Q:

Why does a cyclist bend inward when moving in a circular path? What will be the angle with the vertical considering friction? Derive the fomula?

- apurva (age 17)

- apurva (age 17)

A:

Some serious bike leaning!

The torque about the bicycle wheels and the ground has two components: the centrifugal force component: τ_{ c} = F_{c} h = mv^{2}h/r where m is the mass of the rider plus bicycle, v is the velocity, h = the height of the center of mass of the system above the ground, and r is the radius of the circle followed by the center of mass. The other torque is the component of gravity in the tangential direction:

τ_{ c} = mgh*tan(theta) where g is the acceleration of gravity, m and h are the same as above and theta is the angle of the tilt. Equating the two torques and solving for theta gives: tan(theta) = v^{2}/rg .

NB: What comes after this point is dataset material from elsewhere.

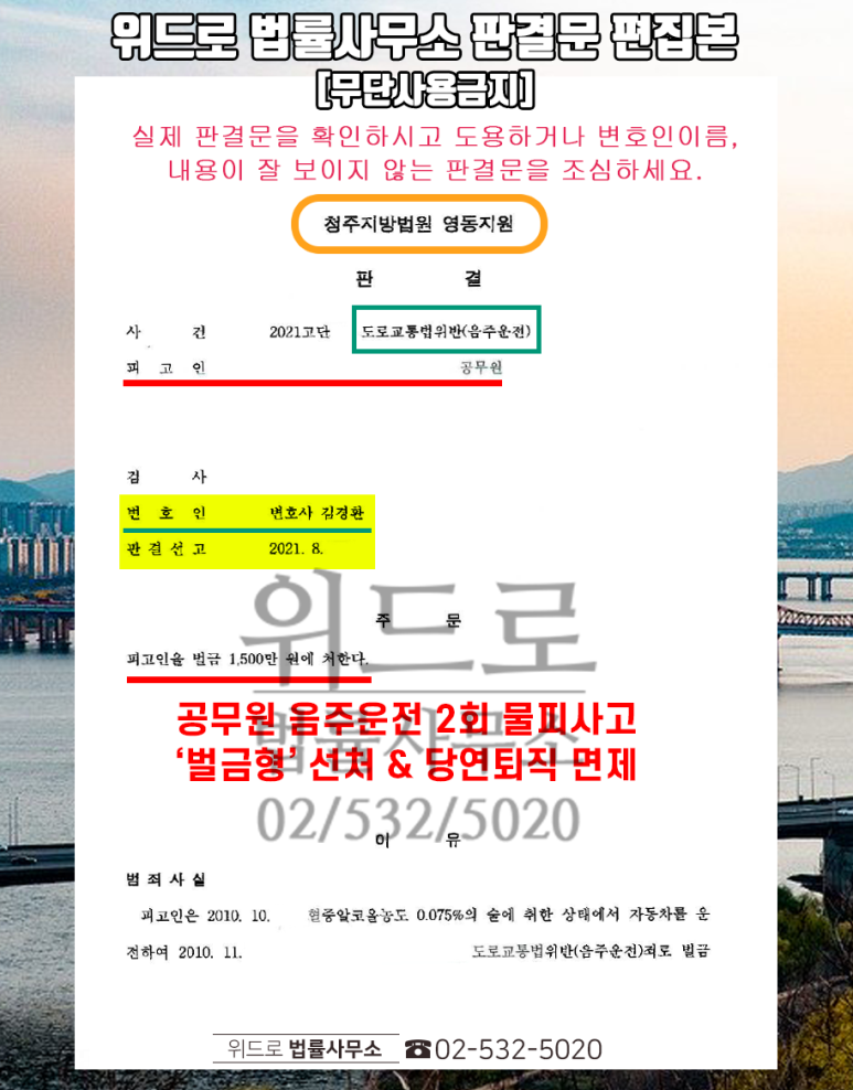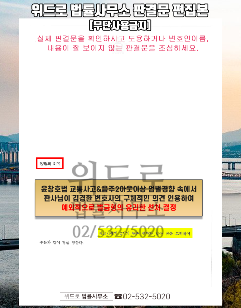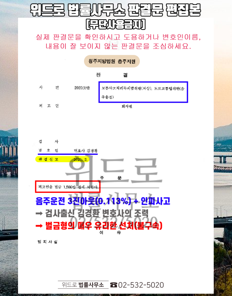 최근에는 더욱 법이 엄격해지고 실형을 주로 받고 근절하기 위해 노력하고 있기 때문에 사실상 충주 음주운전 삼진아웃 사건으로 벌금형을 받는 것은 결코 쉽지 않은 사안입니다. 또 교통사고처리특례법 위반 사안까지 있어 죄질이 더 나빴지만 법률대리인의 협조로 매우 유리한 선처결과를 얻을 수 있었던 사례입니다.

If the acceleration v^{2}/r is too big, then the maximum friction forces are not enough to counteract the centrifugal forces. What happens then is that the bicycle will skid out from under you and you crash.

LeeH

For those who dislike using accelerated reference frames and centrifugal forces, in a standard frame that same force is the inward friction force on the tire needed to account for the inward acceleration. A vertical force of mg must act upward on the tire. Then you can just calculate torques about the center of mass. mike w

*(published on 11/10/2009)*